The heads of state of Germany and Poland agreed Thursday that a "calm discussion" was necessary to address the question of reparations from World War II, the Polish presidency said.
Polish President Andrzej Duda and his German counterpart b met in Malta on the sidelines of a conference of 13 EU members.
"The presidents discussed the political and legal contexts of the question of reparations," said Duda's chief of staff Krzysztof Szczerski, as quoted by Poland's PAP news agency.
"They said it would require a calm discussion and that, independently of how the situation evolves, they would do everything to preserve the rich gains in Polish-German relations."
The question of whether Germany owes Poland war reparations -- for years considered as settled -- was brought up on July 28 by Jaroslaw Kaczynski, leader of Poland's ruling rightwing Law and Justice (PiS) party.
Last week, Prime Minister Beata Szydlo said Poland "has the right" to ask for reparations.

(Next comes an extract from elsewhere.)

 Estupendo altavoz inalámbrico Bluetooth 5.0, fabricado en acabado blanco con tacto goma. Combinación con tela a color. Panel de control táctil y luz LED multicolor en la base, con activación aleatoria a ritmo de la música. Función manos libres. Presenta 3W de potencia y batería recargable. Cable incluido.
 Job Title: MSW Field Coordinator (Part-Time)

But German government spokesman Steffen Seibert dismissed Warsaw's threat to demand new talks, saying the issue had already been settled when "Poland made a binding decision in August 1953... to relinquish demands for further war reparations."
Signed in 1953
Signed by Warsaw's communist authorities, the 1953 agreement on reparations renounced further claims against Germany.

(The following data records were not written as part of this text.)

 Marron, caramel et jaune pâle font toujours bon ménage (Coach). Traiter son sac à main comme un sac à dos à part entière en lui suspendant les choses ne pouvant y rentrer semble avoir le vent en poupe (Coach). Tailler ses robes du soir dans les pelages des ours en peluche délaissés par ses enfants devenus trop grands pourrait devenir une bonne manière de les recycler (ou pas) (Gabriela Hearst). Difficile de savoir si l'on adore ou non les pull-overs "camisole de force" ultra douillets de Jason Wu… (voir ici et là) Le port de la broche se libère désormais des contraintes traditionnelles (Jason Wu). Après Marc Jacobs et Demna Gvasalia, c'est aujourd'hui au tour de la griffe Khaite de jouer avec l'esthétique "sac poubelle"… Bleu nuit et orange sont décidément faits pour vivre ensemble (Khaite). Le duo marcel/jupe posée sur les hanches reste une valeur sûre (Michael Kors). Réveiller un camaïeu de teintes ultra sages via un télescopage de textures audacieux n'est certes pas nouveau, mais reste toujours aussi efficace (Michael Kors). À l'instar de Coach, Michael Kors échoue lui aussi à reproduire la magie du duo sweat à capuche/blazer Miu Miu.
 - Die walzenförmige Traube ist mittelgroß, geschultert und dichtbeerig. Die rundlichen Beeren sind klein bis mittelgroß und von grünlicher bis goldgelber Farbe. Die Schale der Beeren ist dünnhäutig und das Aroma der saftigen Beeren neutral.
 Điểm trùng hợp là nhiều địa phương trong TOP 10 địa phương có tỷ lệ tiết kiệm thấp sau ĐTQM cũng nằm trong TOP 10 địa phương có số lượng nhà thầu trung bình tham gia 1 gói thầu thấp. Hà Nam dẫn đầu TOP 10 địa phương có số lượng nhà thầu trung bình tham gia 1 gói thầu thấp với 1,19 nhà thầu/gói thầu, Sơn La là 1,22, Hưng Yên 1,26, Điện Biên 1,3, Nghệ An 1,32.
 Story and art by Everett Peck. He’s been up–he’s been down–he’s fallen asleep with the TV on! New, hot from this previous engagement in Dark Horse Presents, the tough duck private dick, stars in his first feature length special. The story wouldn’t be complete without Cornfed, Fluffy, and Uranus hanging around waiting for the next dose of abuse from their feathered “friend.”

But the PiS government disputes the validity of the post-war deal, saying it was made under the diktat of the Soviet Union.
Poland's foreign and interior ministers have estimated potential reparations reaching as high as $1 trillion (830 billion euros).
During the war, Poland suffered the brunt of the two-front attack by Nazi Germany and the Soviet Union.
Six million Polish citizens, including about three million of Jewish origin, were killed under the Nazi occupation of 1939-45, and Warsaw was virtually razed.
According to a survey published last month, 51 percent of Poles oppose any reparation claims against Germany, while 24 percent are in favour.
Poland's powerful Roman Catholic church warned last week that "poor decisions" by the country's rightwing leaders could "undermine" ties with Germany.
The talk of reparations comes as the PiS government is under fire both at home and abroad over a slew of reforms that critics say erode democratic standards and the rule of law.